*WORK ITEM*
Copy word for word the lines of the records below, beginning at the one with "Model PREMIUM w" and finishing at the one with "104-S-kaw0076 振袖レンタル Sサイズ", ends included, but none of the pictures.

*RECORDED INFORMATION*
········
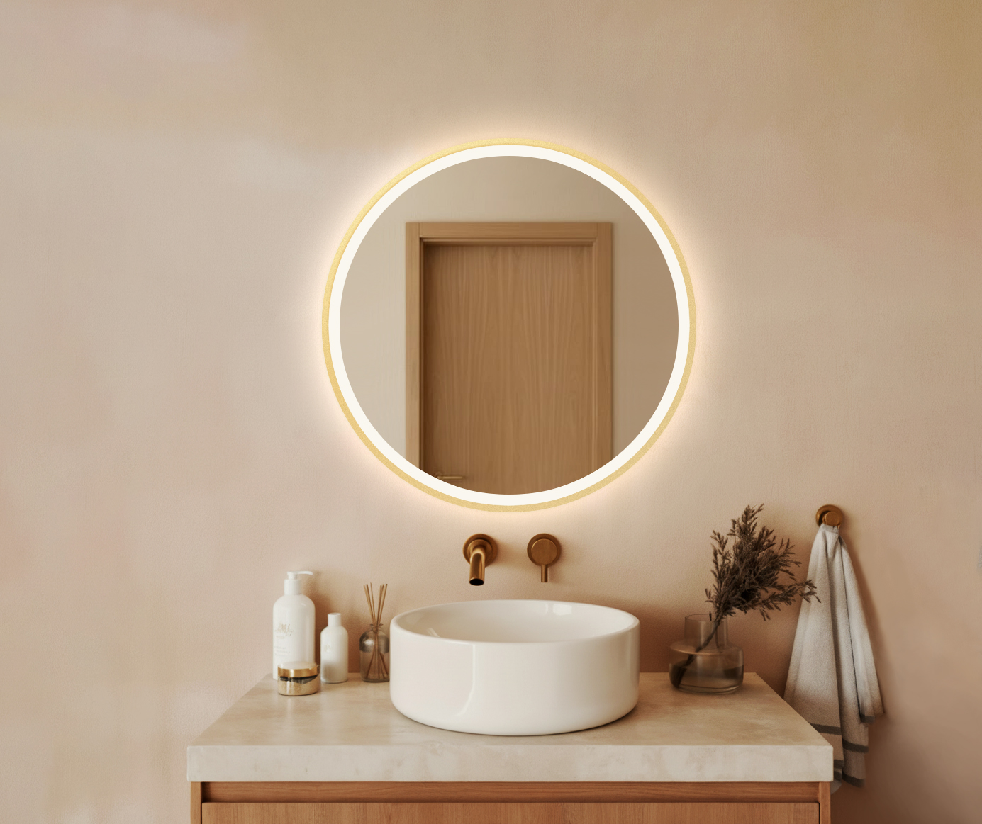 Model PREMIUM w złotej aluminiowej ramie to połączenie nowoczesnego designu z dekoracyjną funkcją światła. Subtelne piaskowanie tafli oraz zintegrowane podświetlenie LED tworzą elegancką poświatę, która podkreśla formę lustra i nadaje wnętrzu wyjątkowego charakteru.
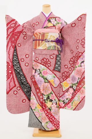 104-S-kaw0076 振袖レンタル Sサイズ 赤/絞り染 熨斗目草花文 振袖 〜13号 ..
········
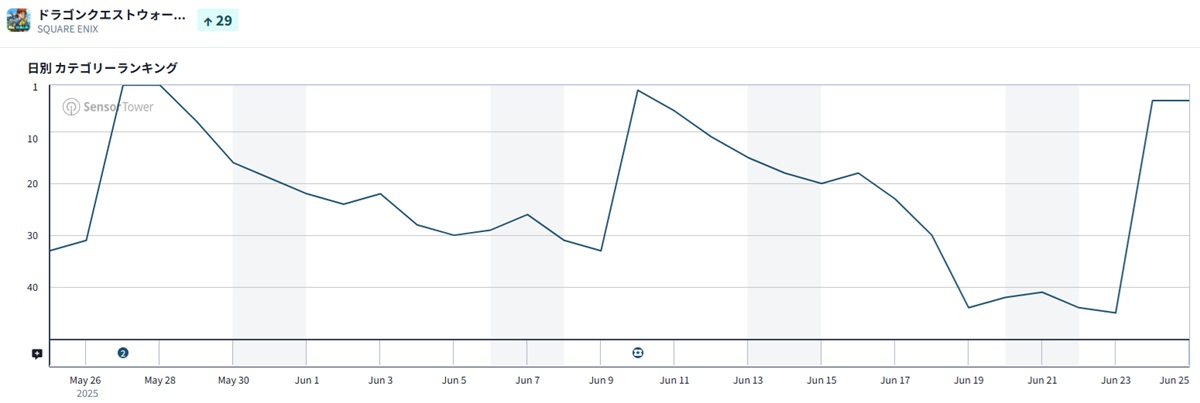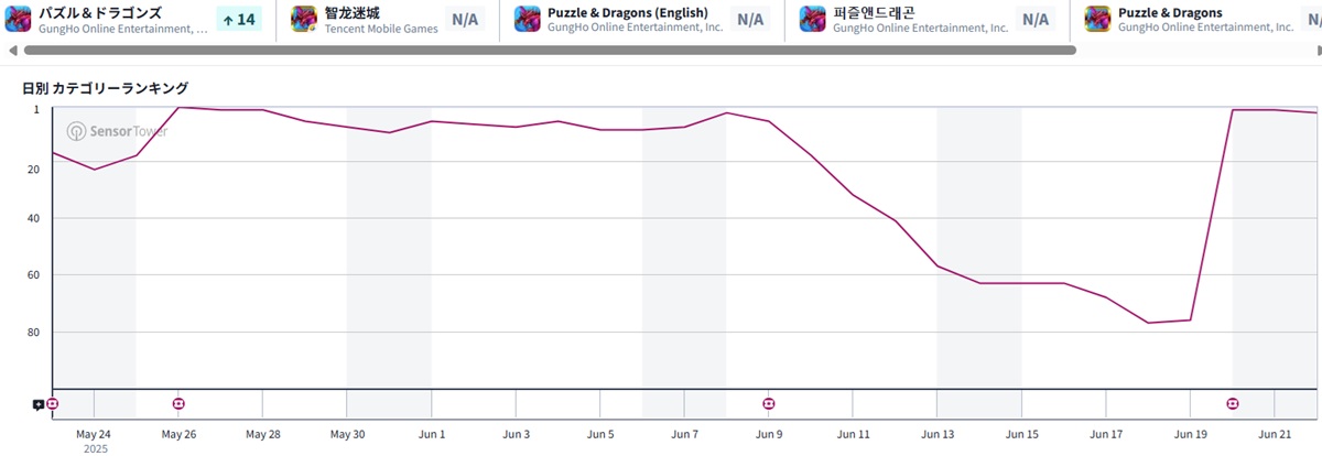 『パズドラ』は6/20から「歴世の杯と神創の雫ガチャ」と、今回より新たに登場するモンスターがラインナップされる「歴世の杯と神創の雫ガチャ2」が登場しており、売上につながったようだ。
········
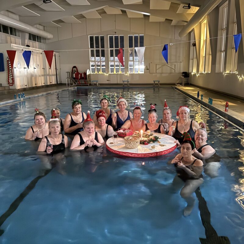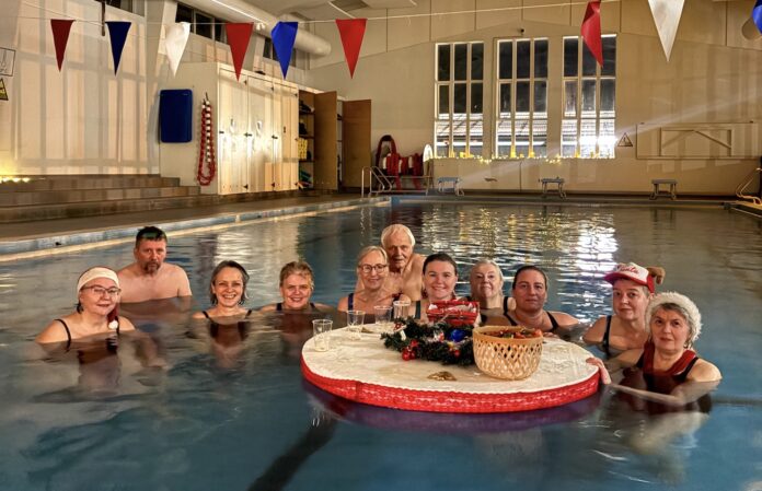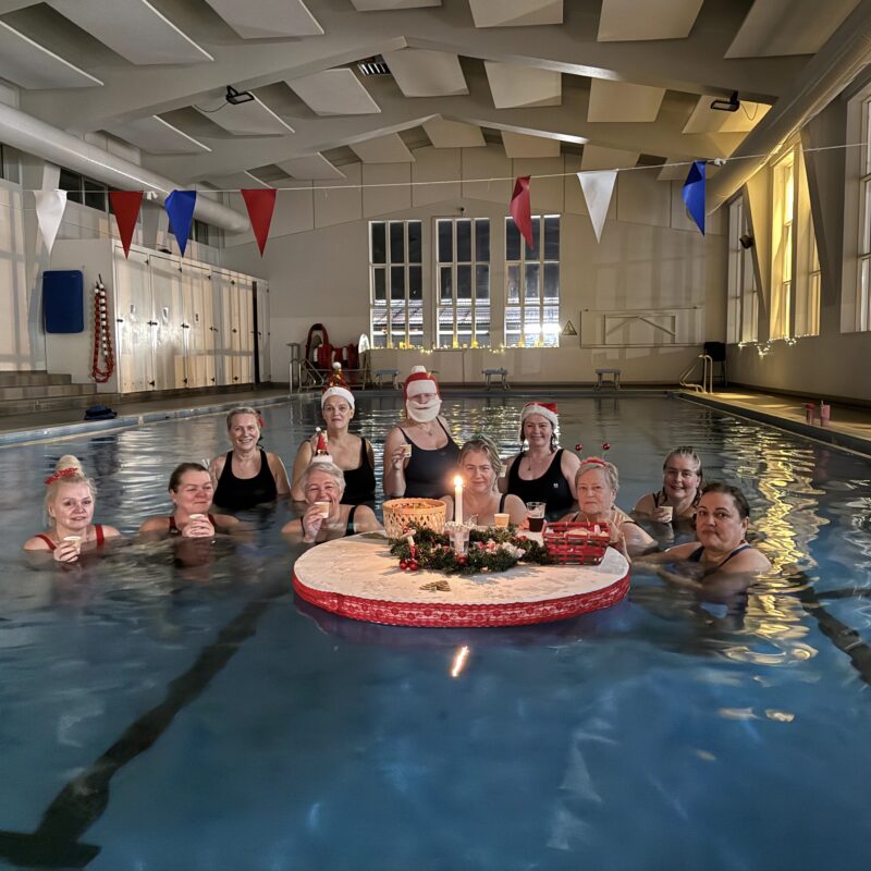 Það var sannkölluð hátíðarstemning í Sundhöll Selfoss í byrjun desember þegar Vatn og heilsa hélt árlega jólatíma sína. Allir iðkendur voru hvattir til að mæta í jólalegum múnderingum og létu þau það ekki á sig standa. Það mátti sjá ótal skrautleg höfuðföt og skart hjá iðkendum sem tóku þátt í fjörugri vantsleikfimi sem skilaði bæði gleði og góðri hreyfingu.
········
*EXERCISE OUTPUT*
 Model PREMIUM w złotej aluminiowej ramie to połączenie nowoczesnego designu z dekoracyjną funkcją światła. Subtelne piaskowanie tafli oraz zintegrowane podświetlenie LED tworzą elegancką poświatę, która podkreśla formę lustra i nadaje wnętrzu wyjątkowego charakteru.
 104-S-kaw0076 振袖レンタル Sサイズ 赤/絞り染 熨斗目草花文 振袖 〜13号 ..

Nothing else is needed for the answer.